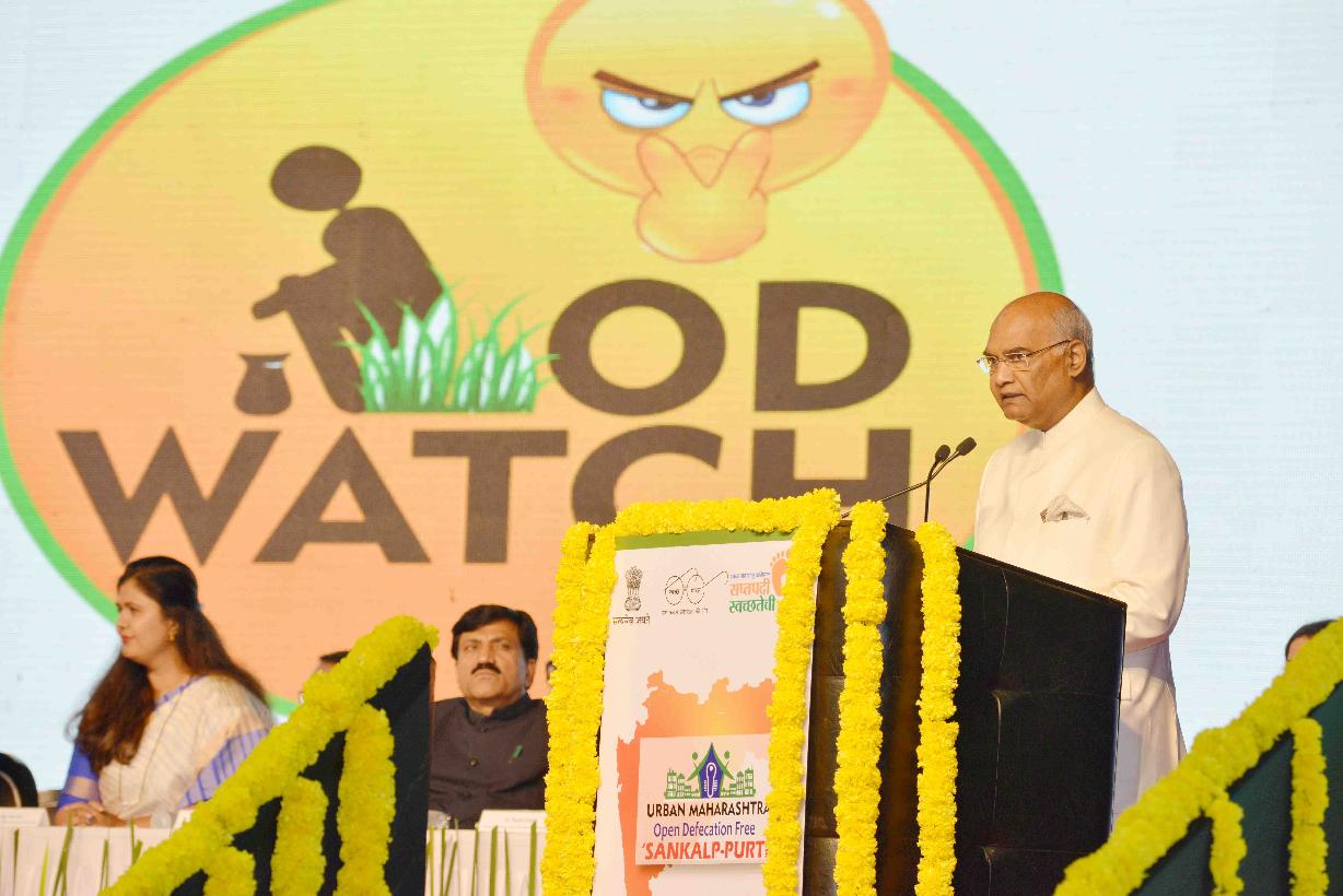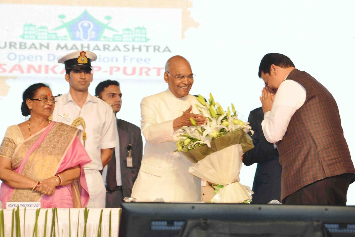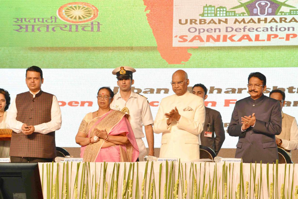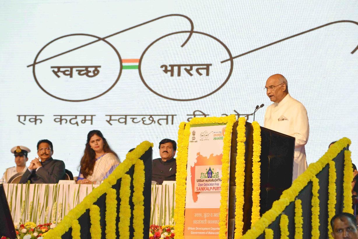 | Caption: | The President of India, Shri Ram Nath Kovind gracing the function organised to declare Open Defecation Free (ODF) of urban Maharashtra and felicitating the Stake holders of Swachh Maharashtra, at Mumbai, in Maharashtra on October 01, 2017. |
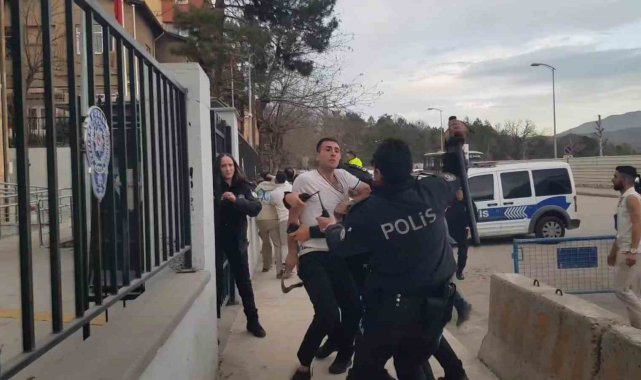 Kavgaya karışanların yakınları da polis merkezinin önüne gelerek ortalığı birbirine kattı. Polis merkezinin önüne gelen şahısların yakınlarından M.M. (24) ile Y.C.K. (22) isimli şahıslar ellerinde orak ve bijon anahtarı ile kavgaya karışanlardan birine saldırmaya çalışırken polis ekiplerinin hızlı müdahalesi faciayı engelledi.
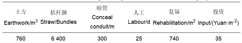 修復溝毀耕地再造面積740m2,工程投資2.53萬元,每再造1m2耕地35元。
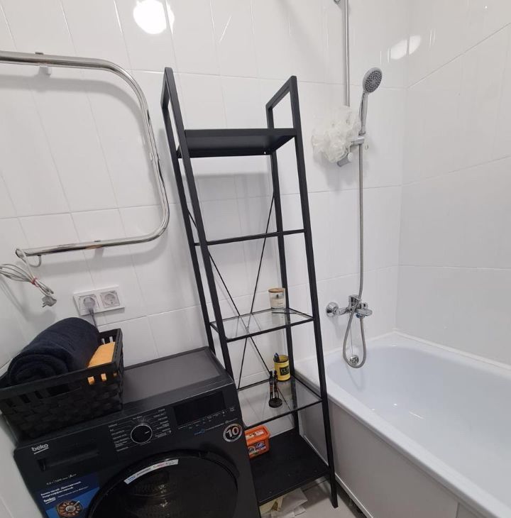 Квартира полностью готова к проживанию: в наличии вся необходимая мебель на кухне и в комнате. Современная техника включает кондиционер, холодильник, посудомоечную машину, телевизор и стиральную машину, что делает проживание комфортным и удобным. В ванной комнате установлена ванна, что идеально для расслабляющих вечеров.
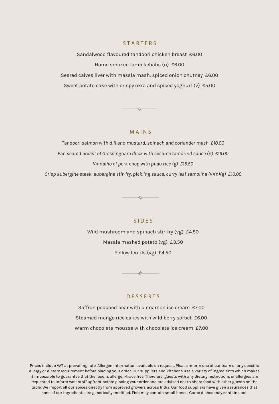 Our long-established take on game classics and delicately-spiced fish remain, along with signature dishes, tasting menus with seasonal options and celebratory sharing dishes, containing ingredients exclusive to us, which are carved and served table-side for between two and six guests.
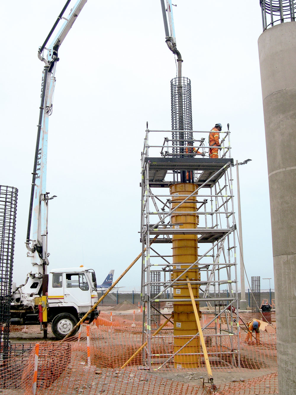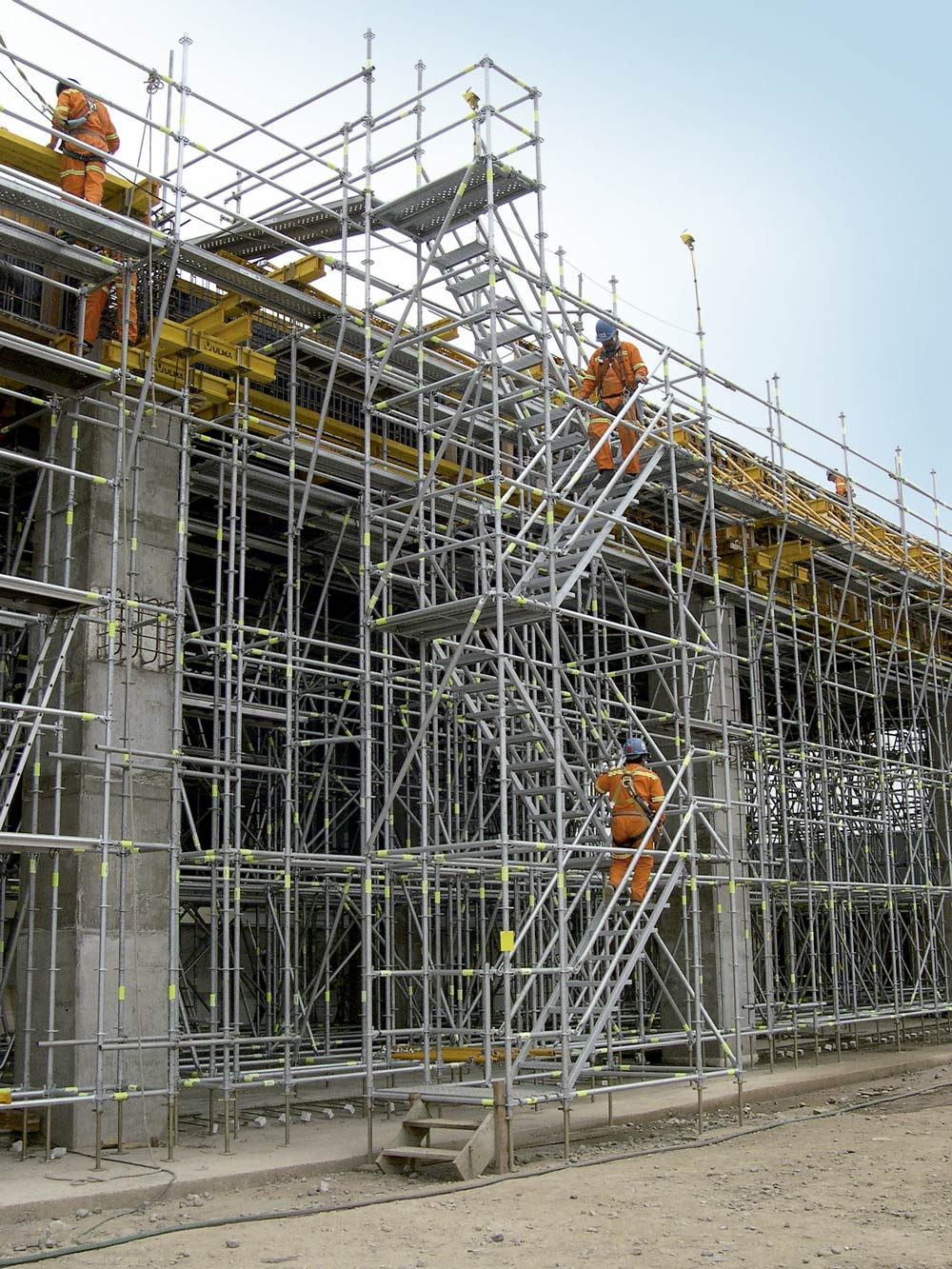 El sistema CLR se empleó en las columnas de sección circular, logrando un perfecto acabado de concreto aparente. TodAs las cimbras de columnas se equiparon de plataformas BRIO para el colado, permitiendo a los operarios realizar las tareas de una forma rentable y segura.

========================

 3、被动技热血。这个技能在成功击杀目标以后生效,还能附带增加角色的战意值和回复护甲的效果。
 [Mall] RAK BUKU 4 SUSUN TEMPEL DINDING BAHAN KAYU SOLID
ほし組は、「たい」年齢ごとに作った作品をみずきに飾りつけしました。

========================

◆ **WHAT YOU SHOULD DO**
In the material above, the stretch from the line with "Kavgaya karışanların yakınları" through the line with "Our long-established take" is to be given again exactly, minus the pictures.

◆ **FINISHED EXERCISE**
 Kavgaya karışanların yakınları da polis merkezinin önüne gelerek ortalığı birbirine kattı. Polis merkezinin önüne gelen şahısların yakınlarından M.M. (24) ile Y.C.K. (22) isimli şahıslar ellerinde orak ve bijon anahtarı ile kavgaya karışanlardan birine saldırmaya çalışırken polis ekiplerinin hızlı müdahalesi faciayı engelledi.
 修復溝毀耕地再造面積740m2,工程投資2.53萬元,每再造1m2耕地35元。
 Квартира полностью готова к проживанию: в наличии вся необходимая мебель на кухне и в комнате. Современная техника включает кондиционер, холодильник, посудомоечную машину, телевизор и стиральную машину, что делает проживание комфортным и удобным. В ванной комнате установлена ванна, что идеально для расслабляющих вечеров.
 Our long-established take on game classics and delicately-spiced fish remain, along with signature dishes, tasting menus with seasonal options and celebratory sharing dishes, containing ingredients exclusive to us, which are carved and served table-side for between two and six guests.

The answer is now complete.